Python was versatile enough to serve as both our front-end and back-end language of choice. Python worked equally well to build our front-end website as it did to implement our sophisticated back-end infrastructure that is continuously syncing contacts and conversations from various social networks, address books, and email providers. While we have seen some developers build their front-end in say Ruby on Rails but their back-end in Java \ C++ \ etc, we were able to efficiently leverage the same language and code base for both sets of tasks.

Python \ Django libraries embodied the “batteries included” philosophy. The included standard libraries in both Python and Django as well as the broad community of available libraries ensured we rarely re-invented the wheel to support core capabilities. We were able to find reusable libraries for everything from HTML parsing, to vCard reading\writing, to Amazon S3 object manipulation.

Memcache provided a quick win for performance. Memcache as well as the native support for it within Django made it very easy to employ this distributed cache from the get-go to improve performance via caching heavily used queries as well as pre-caching expected future queries. It allowed us to build an experience that felt more responsive than many others in our space.

jQuery minimized our cross-browser JavaScript headaches. By using jQuery for all our of DOM manipulation and AJAX requests, we were able to spend minimal time on JavaScript-related browser incompatibilities.

What Needs Improvement

Database migrations are painful. While Django models make it easy to iterate on data models prior to pushing to production, once they are in production, they do little to support the sometimes complicated and painful data migration process. We ended up maintaining a migrations file with each release that detailed the SQL needed to appropriately migrate the database. To keep things simple, we required that the database and app code were migrated at the same time without requiring backwards compatibility. This was possible in the early days, but started to get more painful as we grew. Many folks have pointed to Django South as a solution to these migration issues. I haven’t yet had a chance to explore it, but certainly plan on doing so going forward.

CSS is not easy to keep cross-browser compatible. While jQuery certainly helped with JavaScript-related browser incompatibilities, we had no such help for our CSS related issues. It’s difficult when leveraging modern UI design and relatively new CSS tags to ensure your page looks good in all supported browsers. While tools like MogoTest help to show what your page looks like in each browser and reduces testing costs, they don’t solve the core issue of enabling authoring a page’s CSS once and not having to worry about such browser incompatibility issues.

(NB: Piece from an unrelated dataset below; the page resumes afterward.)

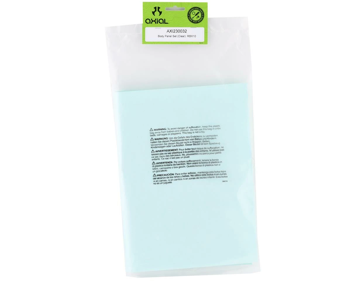 Axial RBX10 Ryft Body Panel Set. This is the optional clear body panel set. Package includes clear right and left side body panels, clear hood panel and decal sheet.

Application monitoring requires custom scripts and alerts. We leverage a variety of monitoring and alerting tools to manage our overall infrastructure. These included Pingdom for monitoring up-time and overall site availability, Munin for instrumenting our common application services like Apache, Nginx, MySQL, and memcache, Amazon Cloud Watch for Amazon instance monitoring, Cloudkick for additional virtual instance monitoring, and Django Sentry for app-level exceptions. Yet our most frequently occurring issues around our queue server and third party APIs issues were reported via custom scripts and alerts which were brittle, unsophisticated, and costly to maintain. It would have been helpful to have one overall platform for monitoring and alerting that easily supported our custom events. We’ll certainly be evaluating such solutions going forward.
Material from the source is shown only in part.